Practical suggestions for dealing with uncertainty
Given that dams are designed for the long-term, it is crucial to consider the uncertainty of floods and the potential impacts of climate change. Climate impacts are being discussed increasingly by dam owners, dam engineers and dam regulators – and guidance on how best to deal with climate change will come eventually. This review article, ‘Climate change impacts on dam safety’, provides a good summary and some thoughts about approaching the issues in a framework based on dam safety risk.
In the meanwhile, we’ve developed some practical suggestions for dealing with intrinsic hydrological uncertainty and the increased uncertainty due to climate change, whether you’re working on new dams or upgrades to existing dams:
- 1. Determine the consequence category for the dam. If this is ‘High’ or ‘Extreme’, take a more conservative view as to the acceptable flood capacity.
- 2. Try to quantify the uncertainty, based on current climate conditions, as part of any flood study for a new dam or the updated flood study for an existing dam as part of a dam safety review. The Monte Carlo simulation approach to flood estimation is very useful in this regard.

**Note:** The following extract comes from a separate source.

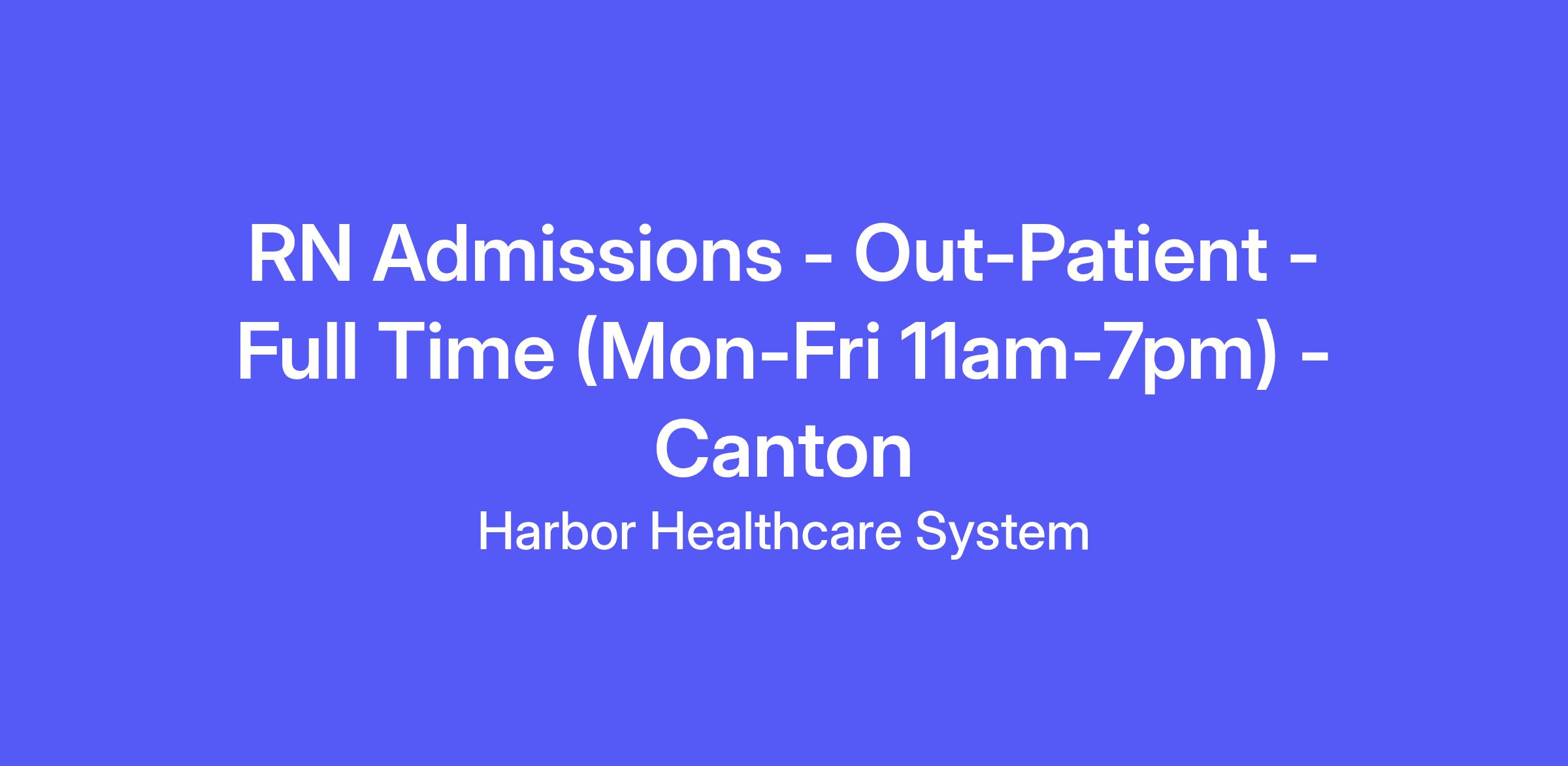We are currently seeking qualified candidates for a full time Out-Patient Registered Nurse (RN) Admissions position in the Canton area.

- 3. Consider some of the additional uncertainty due to climate change, based on various future climate change scenarios using GCM modelling for the region in which the dam is located.
- 4. Undertake sensitivity assessments for spillways for new dams, or upgrades to spillways on existing dams, based on the uncertainty presented in the extreme flood events.

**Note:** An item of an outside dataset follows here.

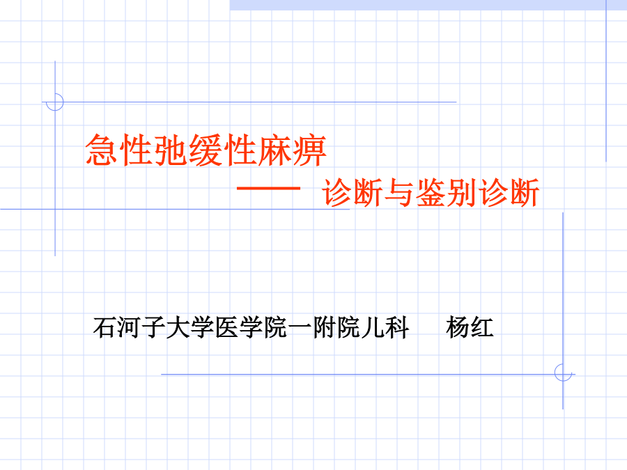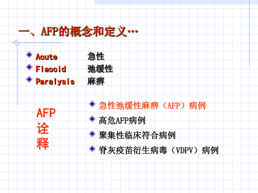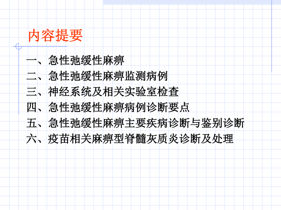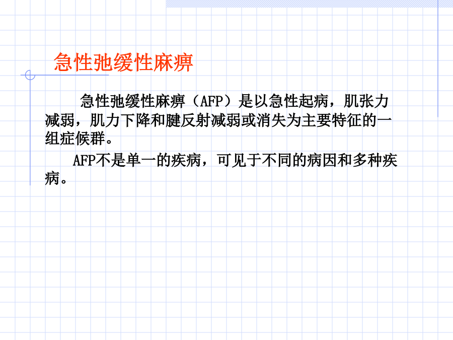 急性弛缓性麻痹——诊断与鉴别诊断内容提要AFP诠释急性弛缓性麻痹(AFP)是以急性起病,肌张力减弱,肌力下降和腱反射减弱或消失为主要特征的一组症候群。 AFP不是单一的疾病,可见于不同的病因和多种疾病。二、急性弛缓性麻痹监测病例概念监测疾监测疾病种类病种类7、单神经炎 8、神经丛炎 9、周期性麻痹(包括低钾软瘫,高钾软瘫,正常钾软瘫) 10、肌病(全身型重症肌无力,中毒性,原因不明性肌病) 11、急性多发性肌炎 12、肉毒中毒 13、四肢瘫,截瘫和单瘫(原因不明) 14、短暂性肢体麻痹 三、神经系统检查及相关实验检测神经系统的检查要点(一)运动检查1、肌萎缩2、肌张力3、肌力(二)感觉检查(三)反射检查(四)脑膜刺激征AFP实验室检测要点四、AFP病例诊断要点(一)详细可靠病史(二)区别真假麻痹和上下运动神经元麻痹损伤部位加强对脊髓休克的认识特别提示——对脊髓休克的认识五、急性弛缓性麻痹主要疾病诊断与鉴别诊断诊断与鉴别诊断要点脊髓灰质炎病毒属肠道病毒 (Poliovirusisanenterovirus,asmallRNAvirusthataffectsthecentralnervoussystem.) 脊髓灰质炎传染源和途径发病机制(PATHOGENESIS)全身淋巴组织中血液:第二次病毒血症前驱期病毒毒力多强血脑屏障CNS瘫痪前期NC受损轻NC受损重无瘫痪型瘫痪型瘫痪期(nonparalytictype)(paralytictype)脊髓灰质炎病理脊髓灰质炎分期临床分期脊髓灰质炎分期临床表现脊髓灰质炎分期临床表现脊髓灰质炎分期临床表现脊髓灰质炎分期临床表现根据病变部位,可分4型:脊髓型(spinalform)延髓型(bulbarform)脑型(encephaliticform)混合型(mixedform)颅神经运动神经核受损 (involvementofmotorcranialnervenuclei) 血管运动中枢受损 (involvementofvasomotorcenter) 呼吸中枢受损 (involvementofrespirationcenter)高热、烦躁不安、惊厥、昏迷 上运动神经元痉挛性瘫痪 脊髓灰质炎分期临床表现脊髓灰质炎分期临床表现脊髓灰质炎(麻痹型以脊髓型多见)Poliomyelitis,Indiamarina脑脊液检查 瘫痪前期:细胞-蛋白分离, 瘫痪期:蛋白—细胞分离 病毒分离 临床实用价值不大 实验室检查诊断治疗格林巴利综合症鉴别急性横贯性脊髓炎急性麻痹综合征六、疫苗相关麻痹型脊髓灰质炎的诊断处理VAPP均为散发,无季节和高峰地区分布。 WHO一项研究显示,服苗者中: 脊灰疫苗Ⅲ型所致VAPP最多。 接触者VAPPII型最多。VAPP发病机制的探讨 与疫苗株病毒的基因突变有关,导致毒力增强。在人肠道内复制的过程发生变异,一些变异可导致高水平神经毒力的回复,引起VAPP。VAPP次要诱因是: 在服用OPV后30天内进行臀肌注射(主要是抗生素)、1995年罗马尼亚一项研究表明在服用OPV后30天内多次进行抗生素注射更易引起VAPP。被称为诱发VAPP的次要因素。 VAPP(疫苗相关病例)的定义麻痹日期麻痹日期脊灰的临床经过1.降低和预防VAPP发生率的策略 采用灭活脊灰病毒疫苗(IPV)与脊髓灰质炎减毒活疫苗(OPV)联合免疫策略,新疫苗的研制等, 目前存有争论,世界某些先进国家,多年无脊灰流行,如美国、加拿大等国已用IPV做为儿童常规免疫。 认真询问病史和查体,严格控制OPV接种的禁忌症, 降低VAPP发生,OPV服用后一月内避免臂肌注射。 非特异性预防措施。定义:异常反应是指合格的疫苗在实施规范接种过程后,造成受种者机体组织器官功能损害,相关各方面均无过错不良反应,任何医疗单位或个人均不得做出预防接种异常反应诊断。 根据卫生部文件要求: 各级医疗机构在治疗过程中凡遇到急性弛缓性麻痹症状的病例,必须诊断慎重,在不能明确病因情况下,均作为“急性弛缓性麻痹(原因待查)”诊断,不应做出“类脊灰”和脊灰(原因待查)等其他诊断。 卫生部文件卫疾控发[2006]269号VAPP治疗与康复 VAPP无特效治疗法,临床多以对症,针灸,按摩等康复治疗措施,后遗症可选用矫形手术。每年12月5日和6日和次年1月5日和6日 为消灭脊髓灰质炎强化免疫活动日; 在强化活动日里,对所有4岁以下的儿童 实施脊髓灰质炎口服疫苗的普服每年12月5日和6日和次年1月5日和6日 为消灭脊髓灰质炎强化免疫活动日; 在强化活动日里,对所有4岁以下的儿童 实施脊髓灰质炎口服疫苗的普服

- 5. If the incremental cost increase to the overall project cost is relatively low for increasing the spillway capacity to accommodate climate uncertainty, build resilience into the design as suggested by ICOLD Bulletin 142.

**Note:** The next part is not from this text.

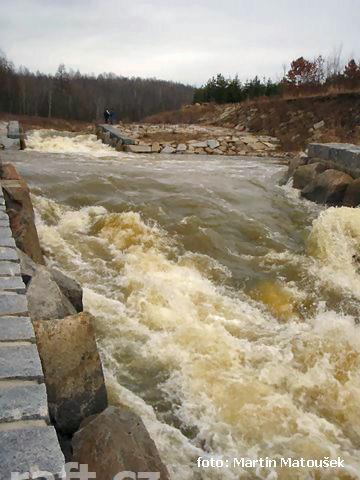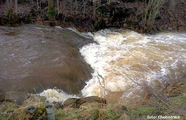 Včera za stavu 90 cm z výtoku ejpovického jezera do Nadryb na Berounce. Přenášeno 5 stromů (některé ...

- 6. If the incremental cost is significant, apply the ALARP principle for upgrades to existing dams. For new dams, assess the likely benefits and costs in detail using a risk-based framework (and consider suggestion 8 below).
- 7. For an existing dam or new dam, consider the opportunity to stage a spillway upgrade such that the dam is made compliant for the current climate scenario with planned future upgrades that allow flexibility to meet future climate scenarios.
- 8. Where decisions about designing for climate uncertainty become complex, consider an independent technical review panel to provide appropriate technical governance on a risk-based decision.
About the author
Richard Herweynen acknowledges the input of his colleagues Prafulla Pokhrel (Principal Consultant, Hydrology) and Paul Southcott (Senior Principal, Dams and Headworks) in writing this article.
Richard is Entura’s Technical Director, Water. He has more than three decades of experience in dam and hydropower engineering, and has worked throughout the Indo-Pacific region on both dam and hydropower projects, covering all aspects including investigations, feasibility studies, detailed design, construction liaison, operation and maintenance and risk assessment for both new and existing projects. Richard has been part of a number of recent expert review panels for major water projects. He participated in the ANCOLD working group for concrete gravity dams and was the Chairman of the ICOLD technical committee on engineering activities in the planning process for water resources projects. Richard has won many engineering excellence and innovation awards (including Engineers Australia’s Professional Engineer of the Year 2012 – Tasmanian Division), and has published more than 30 technical papers on dam engineering.